His eyes turned to the blade Sounsyy held up in their torchlight’s embrace. The steel glinted off of the light which bounced off of the dead Allagan walls. A little smile graced him as he whipped out his cleaning rag from his back pocket again. Clean every blade thrice over… funny it was then when Ryanti decided to wipe the dust off of Sounsyy’s blade right then as she held it aloft. Perhaps their Sharlayan tools and skills could never be sharp enough. Not for a job like this.

But this was a sign of respect from Ryanti. He figured it was a better way to show it than most.

“This door is incredibly thick. It would take Garlean machinations hours, maybe even days to carve through it, and that is if they can even do it in the first place.” He sidestepped her towards the door after cleaning off her blade, his initial sigh wisping some of the dust into the close air around him. “Perhaps these doors opened to some kind of repulsor lift, but something of this magnitude would have not been for passengers.” Perhaps one of the inaccessible doors held the former passenger elevator but… they had no other options but to try to take this one.

“My device indicates that there is a power source beyond this point.” Ryanti mentioned, his voice dead serious. He truly didn’t know what power source could be there. “It’s still functioning. After all this time. We need to access it. If the room behind this door happens to be a lift of some sort, and if we can still use it, it would beat climbing. Regardless, we need to press on, we need to go deeper inside… we are not even in the bowels yet.”

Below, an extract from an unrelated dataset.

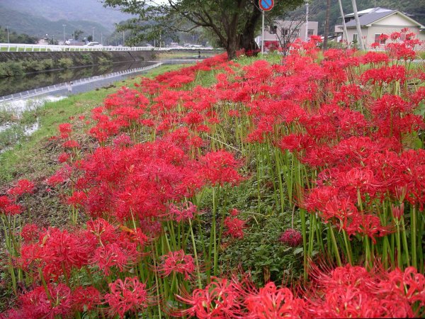 - 岩科川の土手に、たくさんの彼岸花が咲き競い田舎の美しい自然風景を演出し、地域住民の心に潤いを与えています。

He gently tapped the device against his chin in thought as he switched it off, eyeing the windowsill again. Gears in his mind began to click together, and he pulled out his utility knife from his thigh and walked over to the broken glass. He stabbed a point of glass sticking out from the bottom, and it shattered a bit. Satisfied with his ability to break it, he placed the blade in a bottom corner of the windowsill. “Let’s go through here, but first help me out with clearing the glass. If our suits get caught in it, gone will be our modesty for sure. There’s a time and a place for that, but definitely not here.”

With that, Ryanti began to jab his blade against the bottom of the frame, tiny bits of ancient glass crumbling under its age and his knife. Sounsyy’s eyes had seemed to dare Ryanti from before, and he was not about to decline the invitation.

“So... were you there? When she died?”
Sounsyy reversed the shortsword in her hand so that the pommel was held out. She joined Ryanti by the window and began knocking out the remaining glass remnants with that pommel. When she was done, she sheathed her blade behind her and looked at her partner. It was a small window, so they were standing almost shoulder to shoulder, even though Sounsyy's shoulders were much shorter than his.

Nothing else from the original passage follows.